Potential Applications
This technology could be applied in the development of advanced semiconductor devices for various electronic applications, such as high-performance computing, communication systems, and sensor technologies.
Problems Solved
This innovation solves the challenge of optimizing the layout and design of fin transistors in a semiconductor device to enhance performance and efficiency.
Benefits
The benefits of this technology include improved transistor performance, increased device density, and enhanced overall functionality of semiconductor devices.

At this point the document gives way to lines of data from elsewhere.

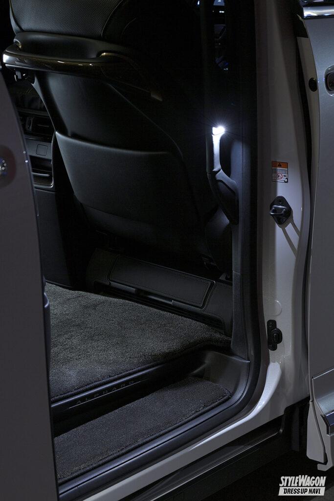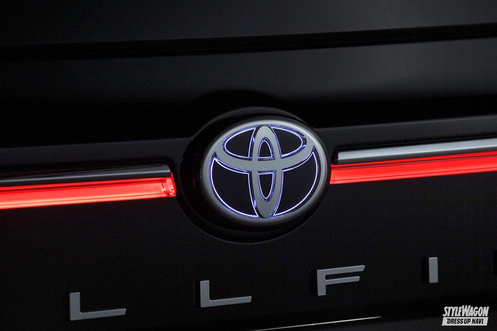 最新作の「LEDトランスワード」は、新型のアイデンティティであるリアの車名エンブレムを幻想的に光らすことで、最上級に相応しい高級感やお洒落さを与えてくれる優れモノ。スマートにインストールされた立体感のあるガーニッシュは、非点灯時の純正然とした佇まいに貢献し、点灯時には均一で絶妙な美しい光りがエンブレムを際立たせ、さり気なく存在感を高めつつステータス性も引き立ててくれる注目アイテム。また、ジュナックには人気レディストシリーズのフォグランプやLEDトランスエンブレムなどをはじめ、カーゴランプやウェルカムランプなど、プレミアムな印象を高めるとともに利便性も兼ね備えた充実のライティングパーツが揃う。40系の光モノを狙うならジュナックをチェックだ。
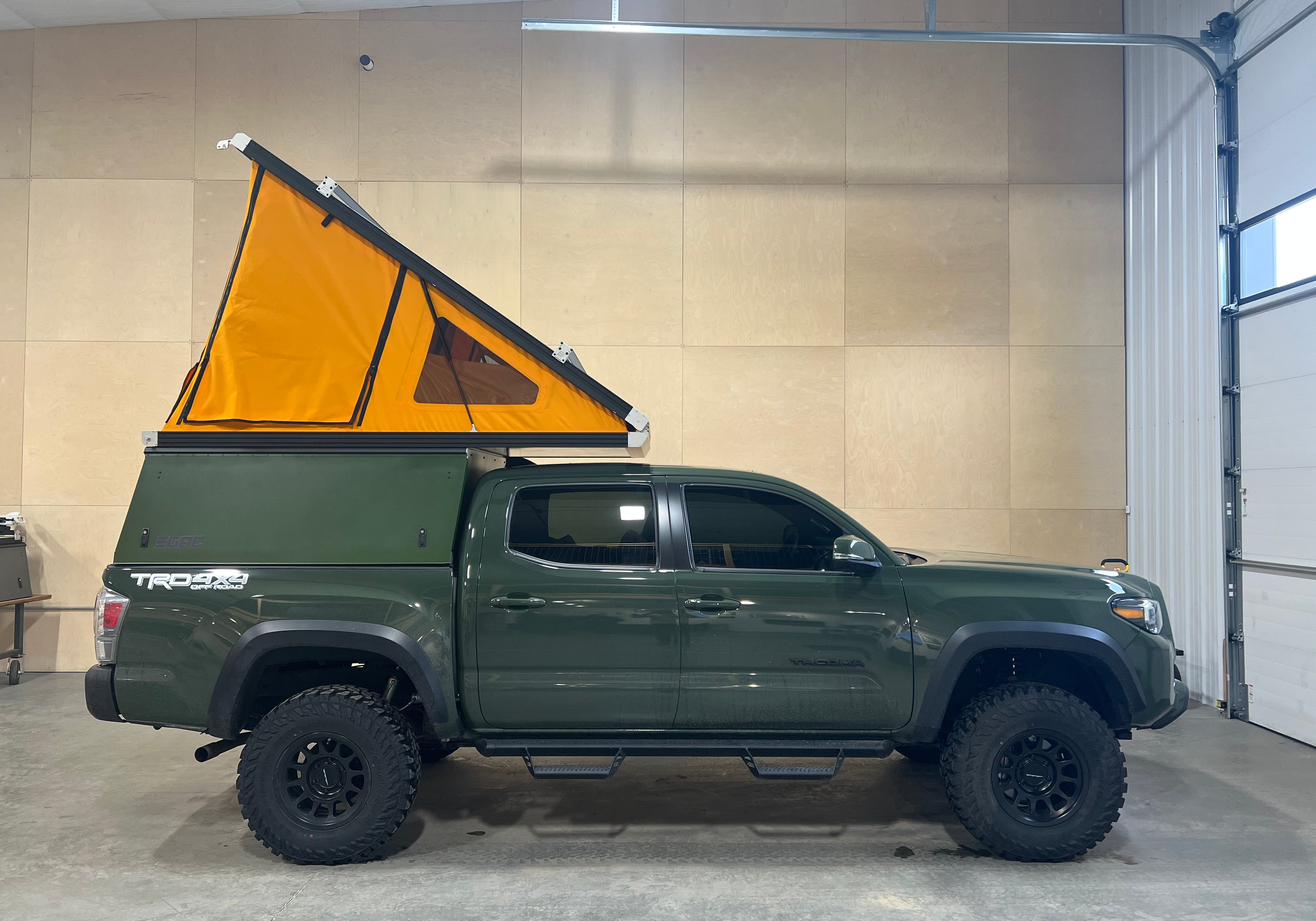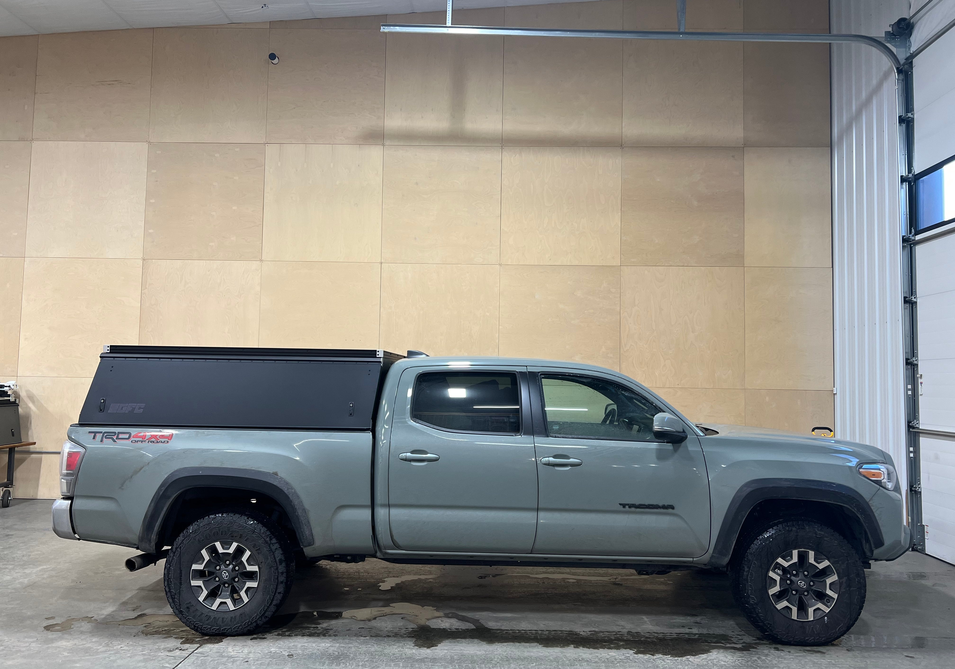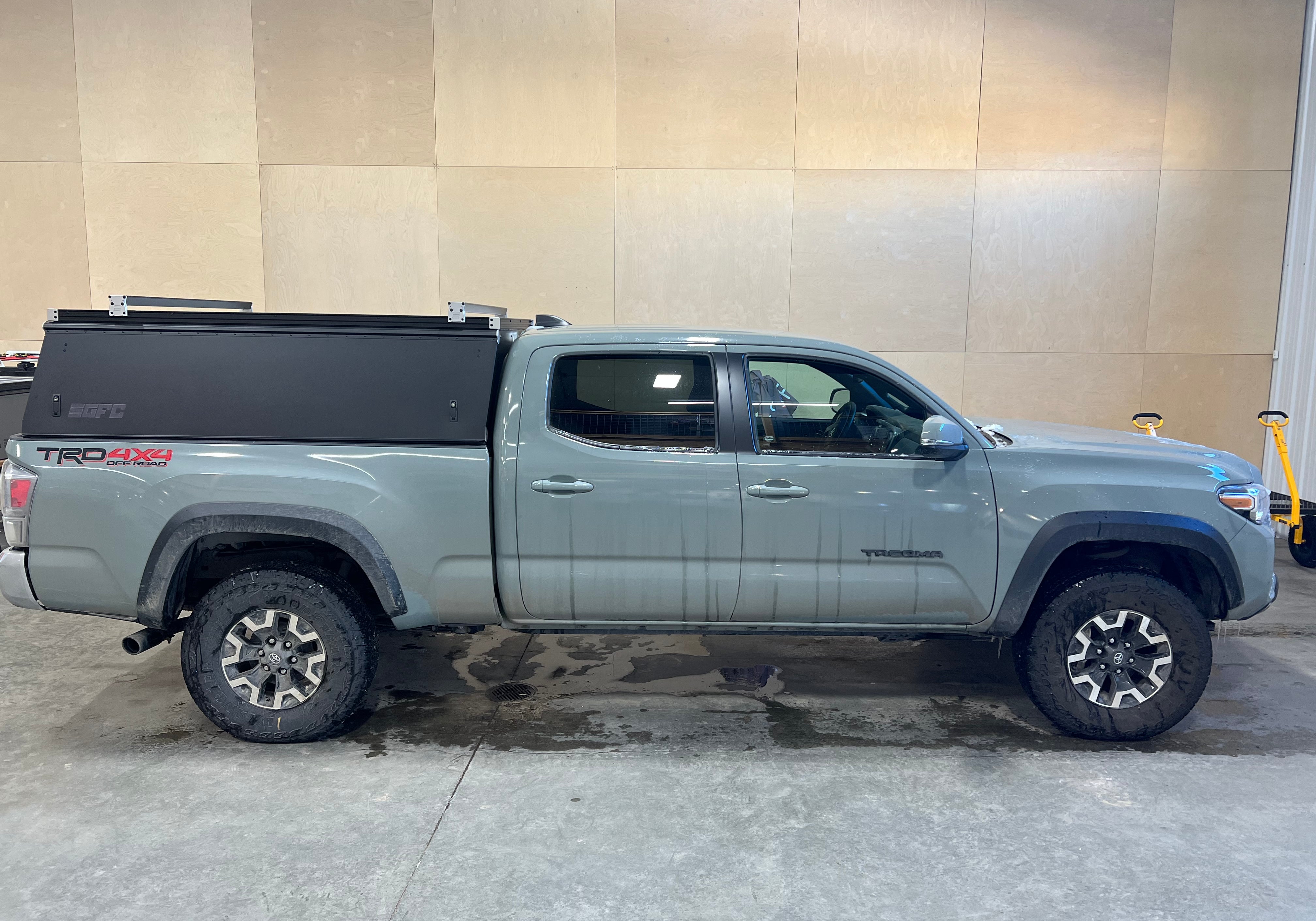 Product: Topper Panel Color: Black GFC Options: Beef Rack Year: 2021 Make: Toyota Model:Tacoma Cab/Bed: Double Cab 5 foot Truck Color Green Wheels: Stock Suspension: Stock Tire: Goodyear Wrangler 265/70/r16...
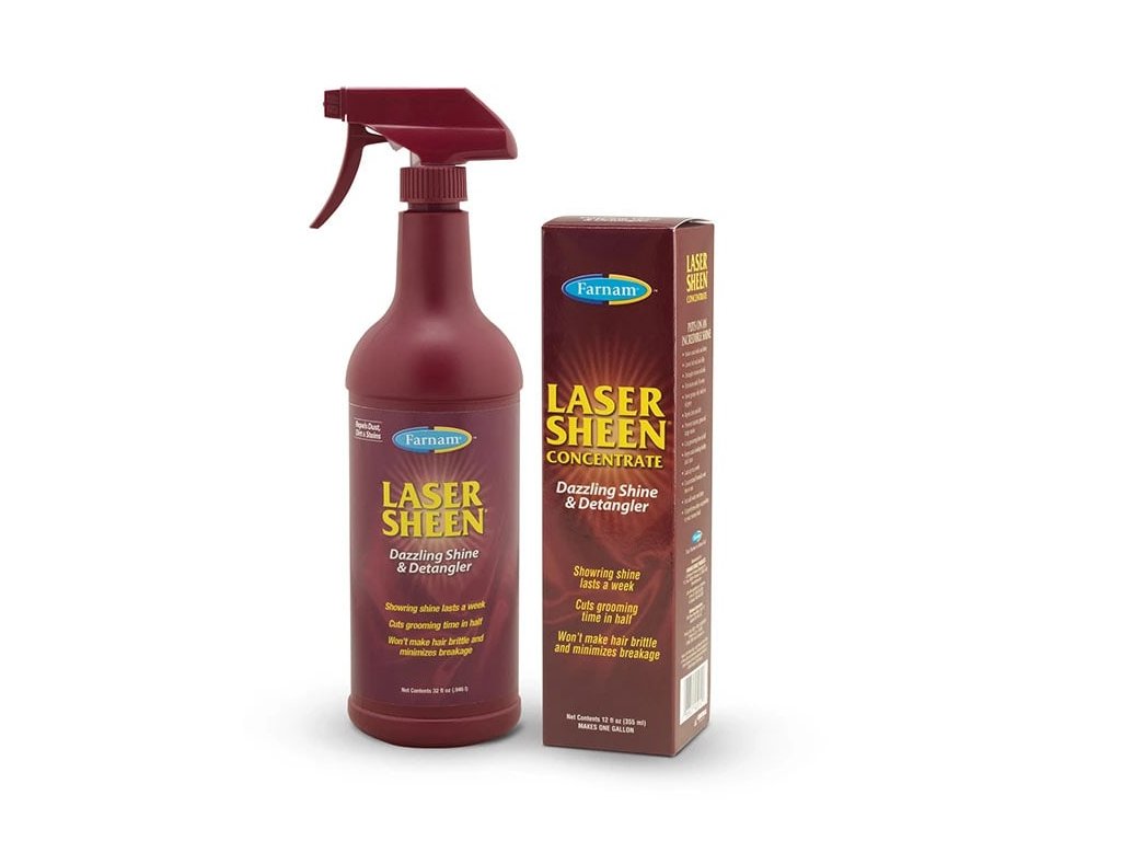 Poté přelijte do nádoby s rozprašovačem. Před každým použitím dobře protřepejte. Laser Sheen® aplikujte na srst, hřívu a ocas. Dostatečně rozprašte po celém koni dokud nejsou srst, hříva a ocas vlhký. Potom přejeďte rukou ve směru srsti. Nechte uschnout před případným kartáčováním, leštěním a přetírání rukou.
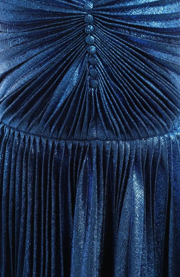 Шелковое платье Saint Laurent насыщенного синего оттенка. Модель с тонкими бретелями и драпировкой по лифу выполнена из струящегося шелка с деликатным блеском, создавая утончённый вечерний образ.
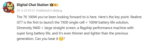 Các mẫu iQOO Neo 9S, redmi K80 Ultra, OnePlus Ace 5S, và realme GT 7 đều được dự kiến sẽ sử dụng chipset Dimensity 9400+. Theo thông tin rò rỉ từ Digital Chat Station, realme đang nỗ lực để trở thành thương hiệu đầu tiên ra mắt smartphone với con chip này. Vì vậy, realme GT 7 có thể sẽ được trình làng sớm nhất vào tháng 4.
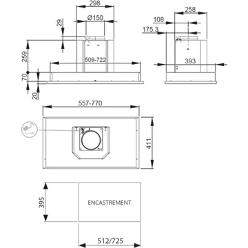 - Débit d'air maxi : 554 - idéal pour une cuisine de 25m².
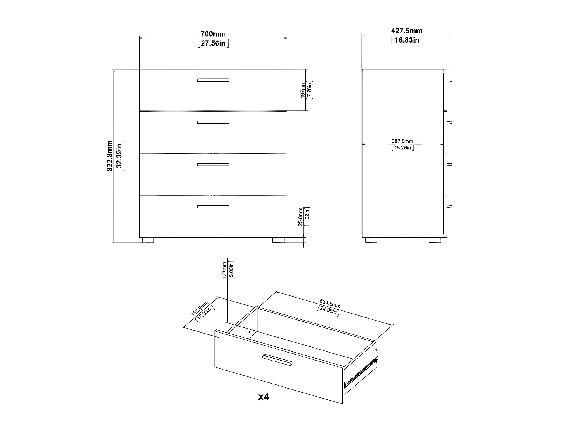 Petra Kommode mit 4 Schubladen, mattschwarz.

Potential Commercial Applications
The potential commercial applications of this technology include the production of next-generation processors, memory devices, and integrated circuits for consumer electronics, automotive systems, and industrial applications.
Possible Prior Art
One possible prior art could be the development of semiconductor devices with fin transistors arranged in specific orientations to optimize performance and functionality.
Unanswered Questions
How does the specific crystal structure of the semiconductor layer impact the performance of the fin transistors in the device?
The specific crystal structure of the semiconductor layer influences the electrical properties and carrier mobility of the fin transistors, ultimately affecting their performance in the device.
What are the implications of the angular spacing of 60° or 120° between adjacent fin transistors on the overall efficiency of the semiconductor device?
The angular spacing between adjacent fin transistors plays a crucial role in minimizing interference and maximizing the packing density of transistors, leading to improved efficiency and performance of the semiconductor device.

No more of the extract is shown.